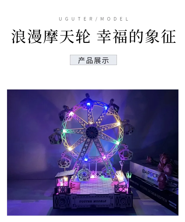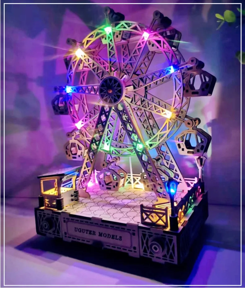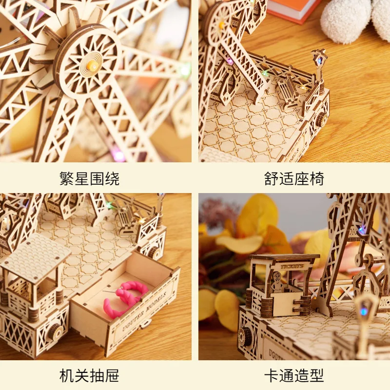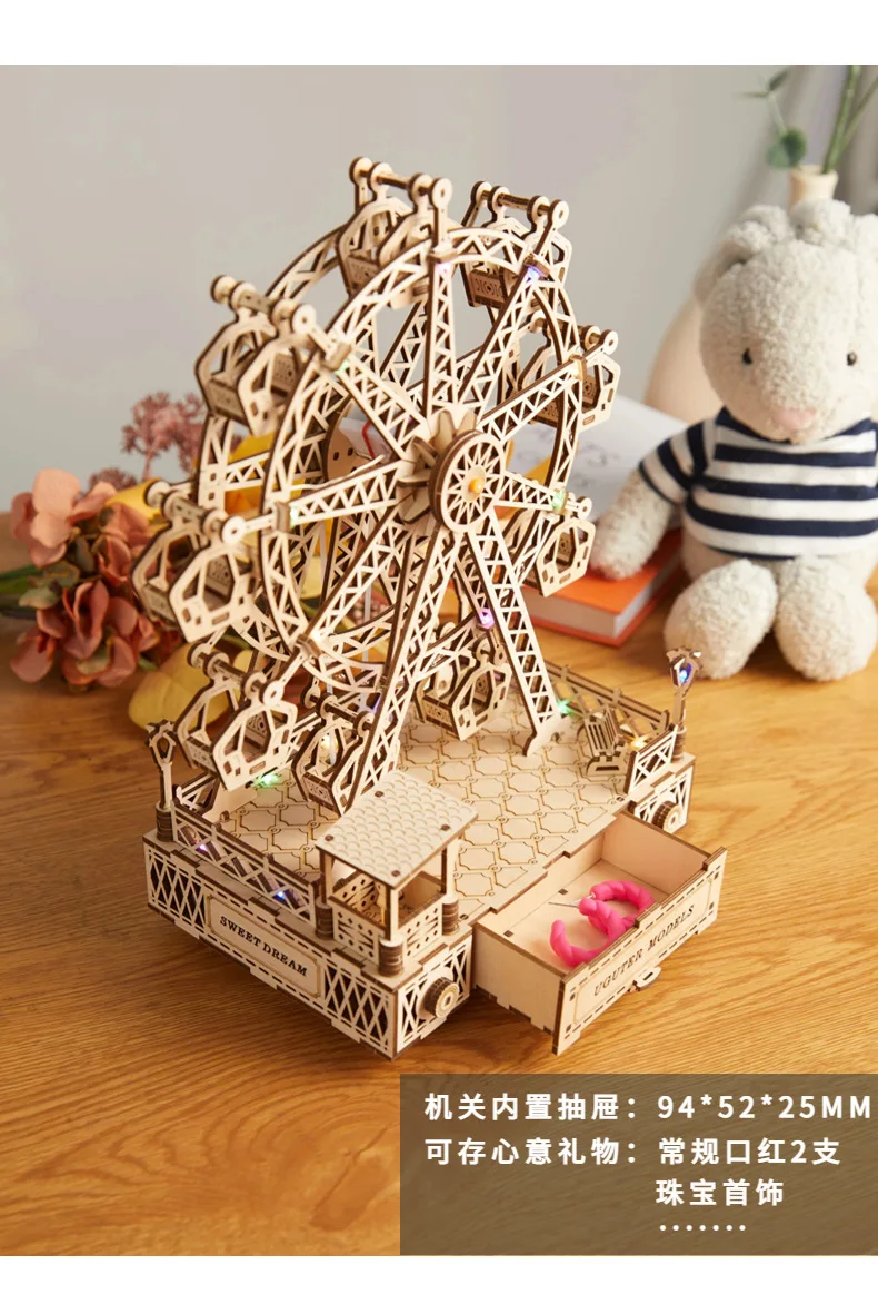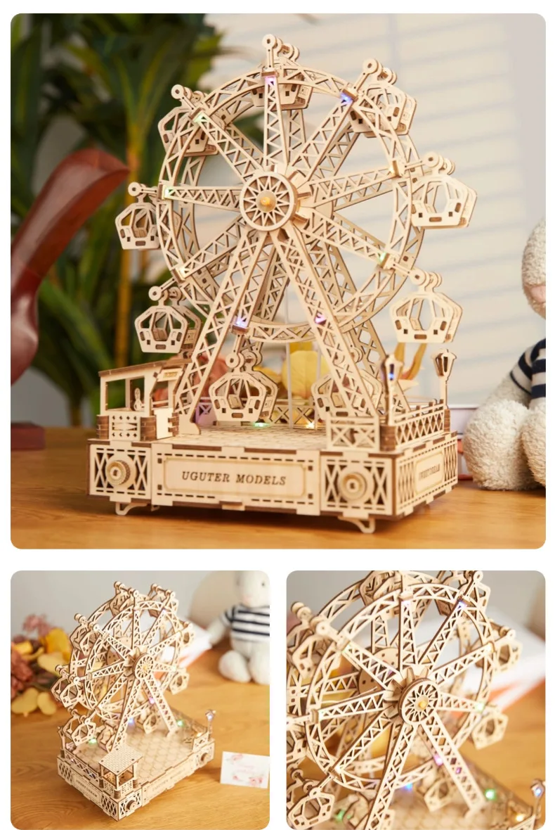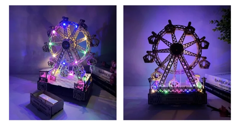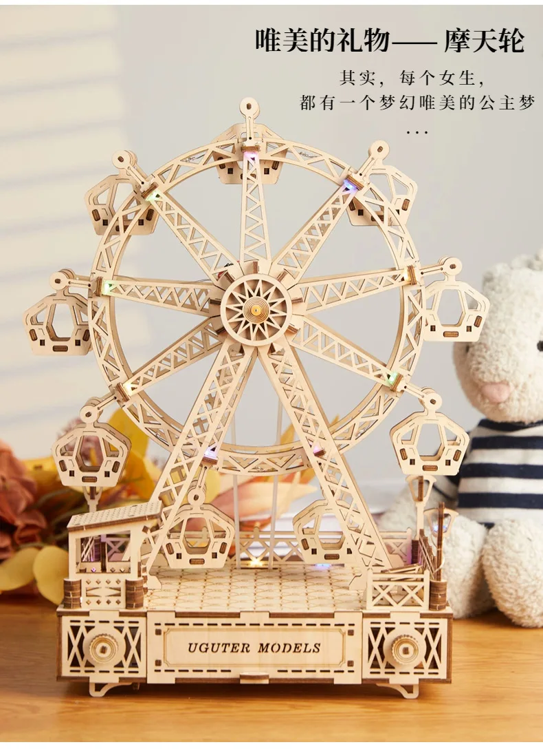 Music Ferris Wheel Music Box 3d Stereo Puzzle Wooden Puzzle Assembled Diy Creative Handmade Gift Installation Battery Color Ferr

--

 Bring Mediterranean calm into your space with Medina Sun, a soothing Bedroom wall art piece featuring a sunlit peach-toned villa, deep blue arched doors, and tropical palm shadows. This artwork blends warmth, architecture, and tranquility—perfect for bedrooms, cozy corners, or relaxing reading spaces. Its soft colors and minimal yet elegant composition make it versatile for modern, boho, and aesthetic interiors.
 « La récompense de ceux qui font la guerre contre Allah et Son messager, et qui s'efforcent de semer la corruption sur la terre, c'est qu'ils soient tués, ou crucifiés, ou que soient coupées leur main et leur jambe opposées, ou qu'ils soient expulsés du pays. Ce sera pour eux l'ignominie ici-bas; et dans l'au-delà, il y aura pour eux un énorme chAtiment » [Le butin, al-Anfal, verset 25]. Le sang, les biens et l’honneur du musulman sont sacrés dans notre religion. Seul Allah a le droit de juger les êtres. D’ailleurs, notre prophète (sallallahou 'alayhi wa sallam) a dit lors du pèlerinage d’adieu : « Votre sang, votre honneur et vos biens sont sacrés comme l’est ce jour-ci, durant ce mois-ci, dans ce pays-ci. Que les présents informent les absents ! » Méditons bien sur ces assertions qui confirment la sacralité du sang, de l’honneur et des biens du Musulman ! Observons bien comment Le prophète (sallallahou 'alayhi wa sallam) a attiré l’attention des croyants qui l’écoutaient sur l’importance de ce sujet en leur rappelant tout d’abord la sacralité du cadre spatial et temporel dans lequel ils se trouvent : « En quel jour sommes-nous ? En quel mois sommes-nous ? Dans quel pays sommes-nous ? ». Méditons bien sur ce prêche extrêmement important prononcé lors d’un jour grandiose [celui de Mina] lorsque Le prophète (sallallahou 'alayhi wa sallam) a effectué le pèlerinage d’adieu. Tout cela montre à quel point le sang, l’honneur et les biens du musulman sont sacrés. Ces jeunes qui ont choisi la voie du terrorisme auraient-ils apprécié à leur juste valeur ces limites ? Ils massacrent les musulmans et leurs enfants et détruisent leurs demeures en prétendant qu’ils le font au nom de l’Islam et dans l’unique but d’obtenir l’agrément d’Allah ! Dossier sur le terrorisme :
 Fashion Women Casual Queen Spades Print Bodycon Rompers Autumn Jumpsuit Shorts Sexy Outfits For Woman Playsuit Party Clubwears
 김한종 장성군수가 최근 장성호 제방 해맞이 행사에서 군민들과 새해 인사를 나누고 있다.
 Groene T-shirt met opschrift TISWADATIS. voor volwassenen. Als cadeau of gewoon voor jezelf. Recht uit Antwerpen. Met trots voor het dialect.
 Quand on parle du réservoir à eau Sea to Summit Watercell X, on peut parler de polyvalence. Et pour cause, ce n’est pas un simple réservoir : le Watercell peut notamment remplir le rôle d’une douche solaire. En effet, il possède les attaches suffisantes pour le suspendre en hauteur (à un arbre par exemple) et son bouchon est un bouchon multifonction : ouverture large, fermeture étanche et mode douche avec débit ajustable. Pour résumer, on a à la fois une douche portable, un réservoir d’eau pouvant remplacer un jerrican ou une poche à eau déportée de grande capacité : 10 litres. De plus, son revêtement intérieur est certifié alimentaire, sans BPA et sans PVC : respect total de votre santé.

WHAT YOU WILL DO ▸
Among the lines above, find the one with "김한종 장성군수가 최근" and the one with "Groene T-shirt met". Quote both and everything between them, exactly.

RESPONSE TO THIS TASK ▸
 김한종 장성군수가 최근 장성호 제방 해맞이 행사에서 군민들과 새해 인사를 나누고 있다.
 Groene T-shirt met opschrift TISWADATIS. voor volwassenen. Als cadeau of gewoon voor jezelf. Recht uit Antwerpen. Met trots voor het dialect.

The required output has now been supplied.